1
0
forked from ROMEO/nexosim
nexosim/asynchronix/src/simulation.rs
2024-11-12 11:34:17 +01:00

723 lines
28 KiB
Rust

//! Discrete-event simulation management.
//!
//! This module contains most notably the [`Simulation`] environment, the
//! [`SimInit`] simulation builder, the [`Mailbox`] and [`Address`] types as
//! well as miscellaneous other types related to simulation management.
//!
//! # Simulation lifecycle
//!
//! The lifecycle of a simulation bench typically comprises the following
//! stages:
//!
//! 1. instantiation of models and their [`Mailbox`]es,
//! 2. connection of the models' output/requestor ports to input/replier ports
//! using the [`Address`]es of the target models,
//! 3. instantiation of a [`SimInit`] simulation builder and migration of all
//! models and mailboxes to the builder with [`SimInit::add_model()`],
//! 4. initialization of a [`Simulation`] instance with [`SimInit::init()`],
//! possibly preceded by the setup of a custom clock with
//! [`SimInit::set_clock()`],
//! 5. discrete-time simulation, which typically involves scheduling events and
//! incrementing simulation time while observing the models outputs.
//!
//! Most information necessary to run a simulation is available in the root
//! crate [documentation](crate) and in the [`SimInit`] and [`Simulation`]

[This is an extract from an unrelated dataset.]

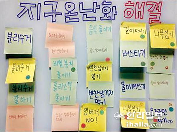 앞으로도 장마와 폭염이 계속 이어질 거라는 기사를 보며 이에 대한 원인과 결과에 대해 분석한 후, 구체적인 실천 방법을 떠올리기 위해 지구환경에 관련된 영상자료도 찾아본다. 그리고 실천 방법들에 대한 의견을 포스트잇에 적는다.

//! documentation. The next section complement this information with a set of
//! practical recommendations that can help run and troubleshoot simulations.
//!
//! # Practical considerations
//!
//! ## Mailbox capacity
//!
//! A [`Mailbox`] is a buffer that store incoming events and queries for a
//! single model instance. Mailboxes have a bounded capacity, which defaults to
//! [`Mailbox::DEFAULT_CAPACITY`].
//!
//! The capacity is a trade-off: too large a capacity may lead to excessive
//! memory usage, whereas too small a capacity can hamper performance and
//! increase the likelihood of deadlocks (see next section). Note that, because
//! a mailbox may receive events or queries of various sizes, it is actually the
//! largest message sent that ultimately determines the amount of allocated
//! memory.
//!
//! The default capacity should prove a reasonable trade-off in most cases, but
//! for situations where it is not appropriate, it is possible to instantiate
//! mailboxes with a custom capacity by using [`Mailbox::with_capacity()`]
//! instead of [`Mailbox::new()`].
//!
//! ## Avoiding deadlocks
//!
//! While the underlying architecture of Asynchronix—the actor model—should
//! prevent most race conditions (including obviously data races which are not
//! possible in safe Rust) it is still possible in theory to generate deadlocks.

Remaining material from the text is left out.